In Africa, a man who contracted the Ebola virus while being vaccinated, has recovered and has put scientists on a new trail. And that, for having been the object of a relapse, almost six months later. A relapse that led to 91 new cases before his death. It is, moreover, one of the atypical cases that was described in the New England Journal of Medicine, a few days ago, to demonstrate that the deadly virus (Ebola) can remain in the body long after the end of symptoms. While noting the need for survivors to be monitored for their own well-being and to prevent spread.
Such relapses, resulting from the 2018-2020 epidemic in the Democratic Republic of the Congo, are considered rare, Dakaractu learned via The Guardian. Said English site specified, in the sense that “it is the first which it is clearly shown that it generated a large cluster of new cases”.
However, during the month of March, scientists said that a separate outbreak, currently underway in Guinea, appears to be linked to the one in West Africa that ended five years ago. It emerged from the analyzes made by them, that a survivor may have harbored the virus in silence for years before spreading it.
« The most important message is that a person can get the disease twice, and sometimes the second disease can be worse than the first. Said Dr Placide Mbala-Kingebeni of the University of Kinshasha, who participated in the research on the Congo cases. As Ebola outbreaks increase, “ we have more and more survivors And the risk posed by relapses increases, he added.

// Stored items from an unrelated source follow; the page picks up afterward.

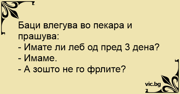 Баци влегува во пекара и прашува: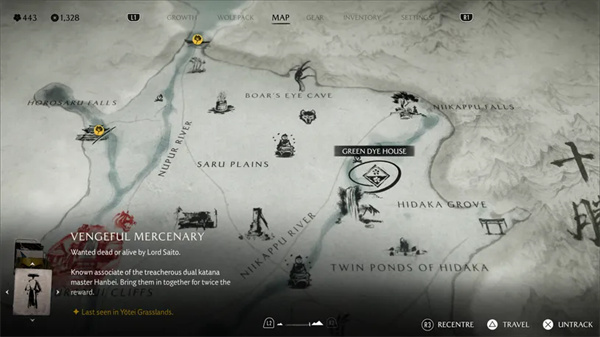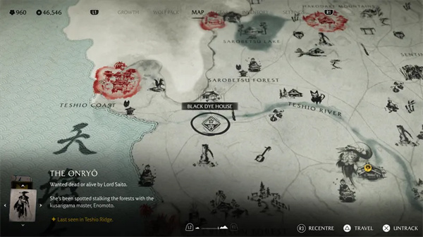 白染商人可以在羊蹄草原找到,特别是在羊蹄河。您可以在羊蹄山神社入口的东南方向、地图屏幕上羊蹄川标签中的“Y”字的西北方向找到她的白色染料屋。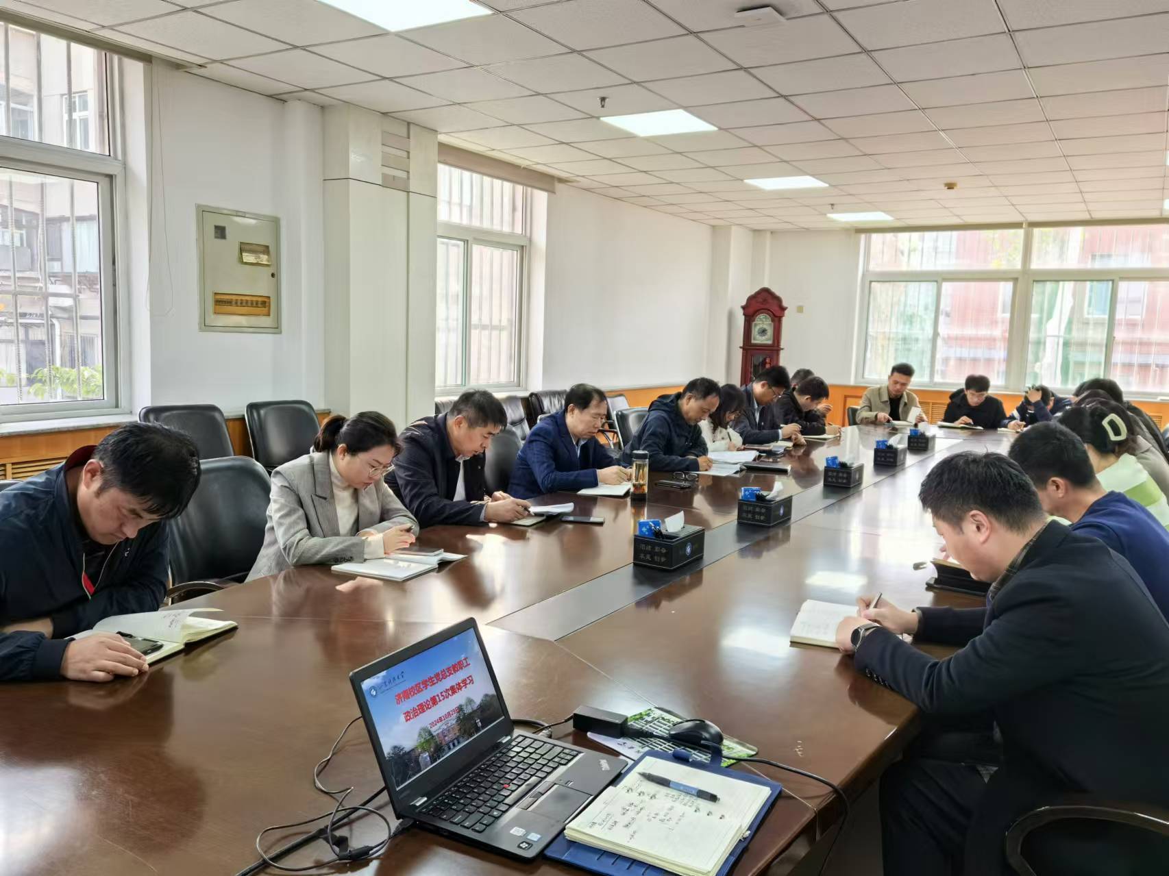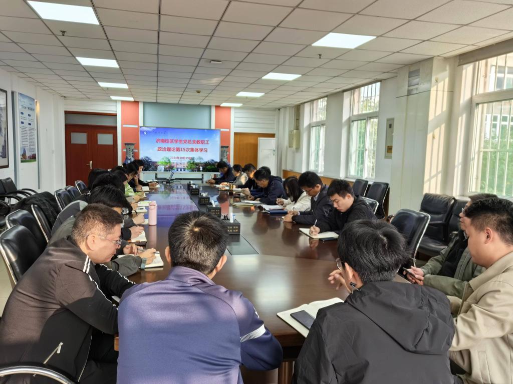 10月29日上午,濟(jì)南校區(qū)學(xué)生黨總支全體教職工在圖書館會(huì)議室開展2024年第十五次集中學(xué)習(xí)。濟(jì)南校區(qū)黨委副書記兼學(xué)團(tuán)工作部主任、學(xué)生黨總支書記毛慶東主持學(xué)習(xí)活動(dòng)。

Body fluids or contaminated materials targeted as propagation factors
Ebola outbreaks usually start when a person contracts the virus from wild animals. It then spreads from person to person through contact with bodily fluids or contaminated materials. Symptoms may include sudden fever, muscle pain, headache, sore throat, vomiting, diarrhea, rash, and bleeding. The death rate varies from 25 to 90%.
The case cited above and presented in the said medical journal concerns a 25-year-old mototaxi driver, vaccinated in December 2018 because he had been in contact with a person suffering from Ebola. In June 2019, he developed symptoms and was diagnosed with the disease. For some reason, the man never developed or lost immunity within six months, said Michael Wiley, a virologist at Nebraska Medical Center who helped investigate the case.
The sick subject having relapsed was treated and was able to leave the hospital after having undergone two tests for Ebola in his blood. However, since semen can harbor the virus for over a year, men have been advised to undergo periodic testing after recovery. The 25-year-old mototaxi driver had, however, tested negative for semen in August, but did not return afterwards. As a result, at the end of November, that is 3 months after his medical treatment, he again developed symptoms and was treated in a health center and with a traditional healer. As his condition worsened, he was sent to a unit specializing in the treatment of Ebola, but died the next day.
The medical profession, which took his case very seriously, noted, thanks to the genetic tests carried out, that the virus at the origin of the new disease of the deceased was almost identical to that of his initial disease. Which means, according to the same source, it was a relapse and not a new infection from another person or animal, Mr Wiley said. Tests showed that the man transmitted the virus to 29 other people and that these transmitted it to 62 others.
A Scottish nurse and an American doctor carrying the virus
Previously, two health workers who contracted the Ebola virus while treating patients in Africa had been infected with the virus long after their recovery. It’s a Scottish nurse, in her cerebrospinal fluid, and an American doctor, in her eyes. But these relapses were discovered quickly and did not give rise to new epidemics. These people, as well as the man in Africa, were all treated with antibodies during their initial infections. Doctors now believe that these patients may not develop a strong enough immune response on their own and be vulnerable to relapses once the antibodies are gone.
A few other viruses can hide for long periods of time and cause problems later. This is the case with the virus that causes chickenpox which can reactivate itself and cause shingles decades after the initial infection.
On this subject, the expert of the virus, Mr. Wiley, tried to reassure. “The news about latent Ebola tells us ‘absolutely nothing’ about the possibility of something similar happening with Covid-19. Because, they are totally different viruses, ”he said.
Dr Ibrahima Socé Fall, a scientist from the World Health Organization, for his part, was in tune with Mr Wiley. “We have yet to see this type of latency in people who have survived the coronavirus,” he said. Even with Ebola, “after six months most patients have completely cleared the virus.”